MATERIAL SHOWN ->
########

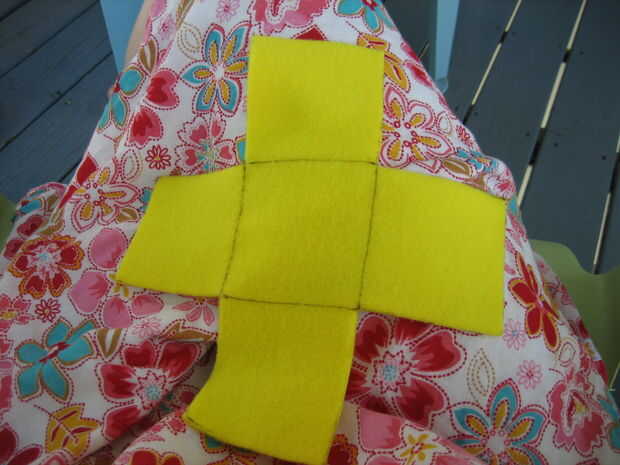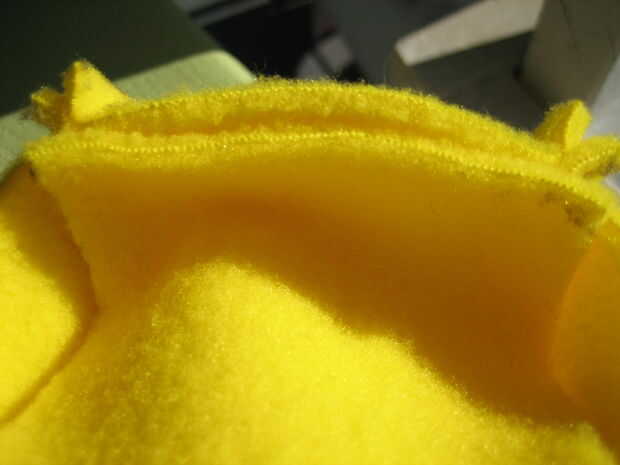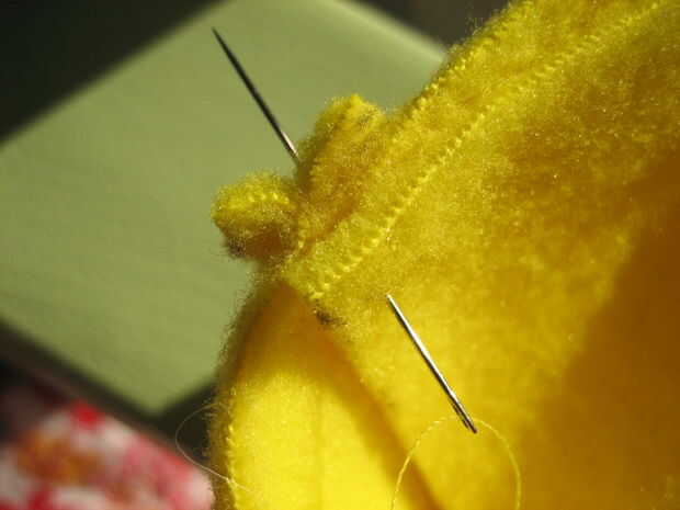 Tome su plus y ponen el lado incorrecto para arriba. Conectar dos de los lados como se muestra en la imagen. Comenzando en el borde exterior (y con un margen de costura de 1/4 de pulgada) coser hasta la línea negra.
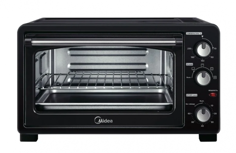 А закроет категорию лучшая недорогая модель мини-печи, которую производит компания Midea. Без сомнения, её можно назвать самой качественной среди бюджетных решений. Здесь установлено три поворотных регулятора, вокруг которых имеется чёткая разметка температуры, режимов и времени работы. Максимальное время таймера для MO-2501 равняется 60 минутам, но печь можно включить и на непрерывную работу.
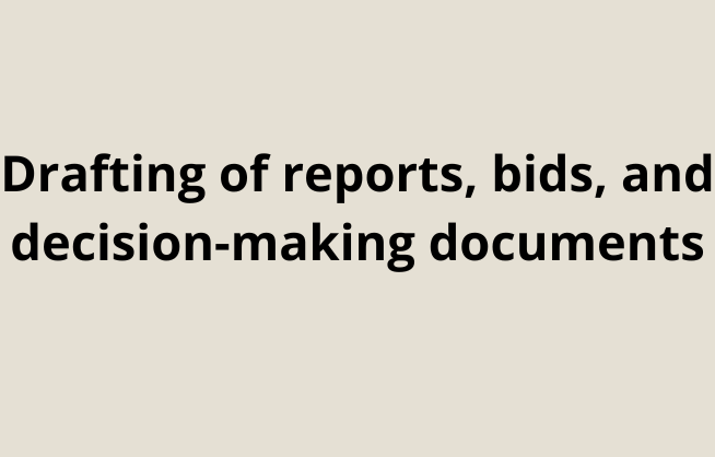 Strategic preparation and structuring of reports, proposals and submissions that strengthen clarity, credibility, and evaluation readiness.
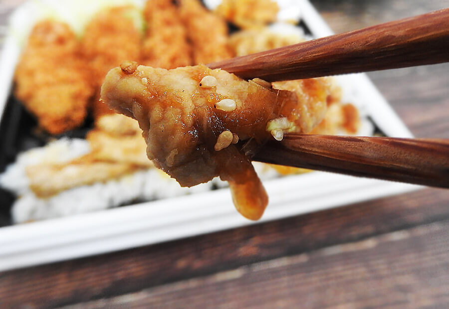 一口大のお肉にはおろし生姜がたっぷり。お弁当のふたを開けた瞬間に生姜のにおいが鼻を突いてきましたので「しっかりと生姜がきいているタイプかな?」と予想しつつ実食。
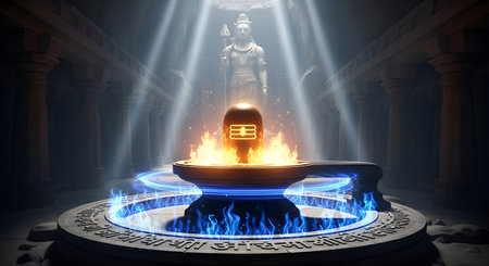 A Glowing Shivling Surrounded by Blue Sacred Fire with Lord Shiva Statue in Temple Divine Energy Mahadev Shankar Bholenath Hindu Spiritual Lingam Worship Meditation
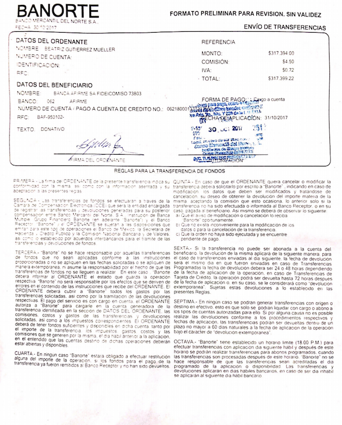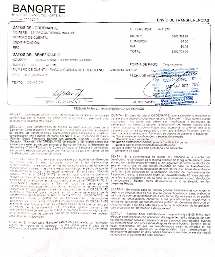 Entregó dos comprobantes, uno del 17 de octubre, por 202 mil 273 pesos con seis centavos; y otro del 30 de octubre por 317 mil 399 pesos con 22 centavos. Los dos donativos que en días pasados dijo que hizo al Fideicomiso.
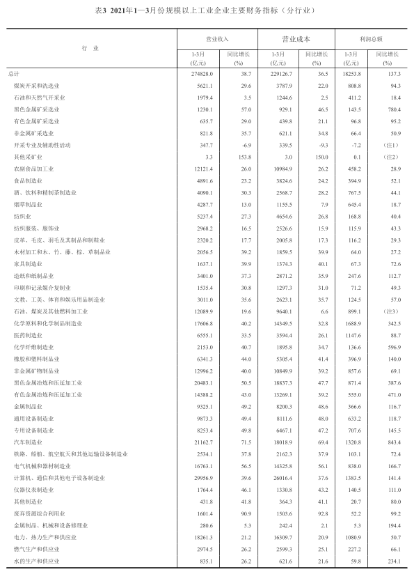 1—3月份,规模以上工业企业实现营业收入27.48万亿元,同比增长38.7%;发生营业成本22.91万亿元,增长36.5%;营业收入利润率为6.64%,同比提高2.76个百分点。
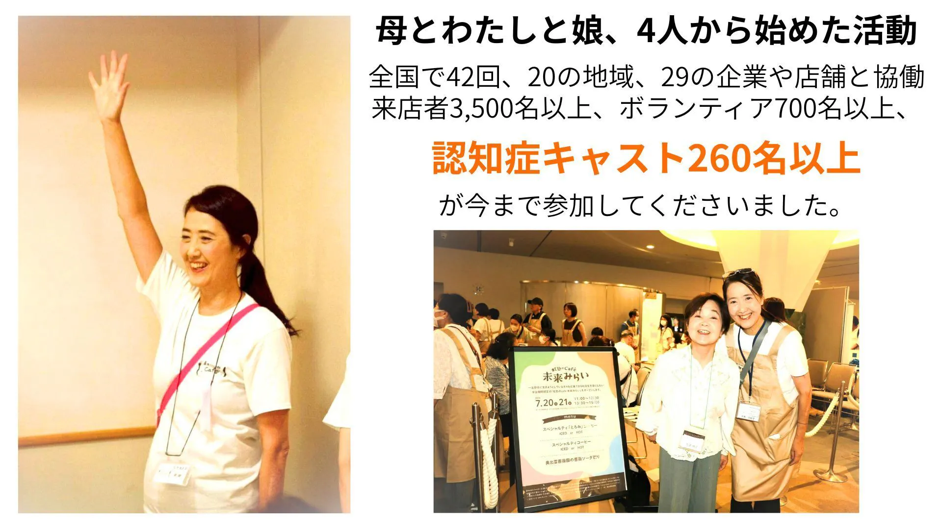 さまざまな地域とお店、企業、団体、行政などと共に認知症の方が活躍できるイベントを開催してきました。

########

WORK REQUEST -> In the listing above, find the line with "一口大のお肉にはおろし生姜が" and the line with "A Glowing Shivling". Copy exactly those lines and all between them, minus the images.

FINISHED EXERCISE ->
 一口大のお肉にはおろし生姜がたっぷり。お弁当のふたを開けた瞬間に生姜のにおいが鼻を突いてきましたので「しっかりと生姜がきいているタイプかな?」と予想しつつ実食。
 A Glowing Shivling Surrounded by Blue Sacred Fire with Lord Shiva Statue in Temple Divine Energy Mahadev Shankar Bholenath Hindu Spiritual Lingam Worship Meditation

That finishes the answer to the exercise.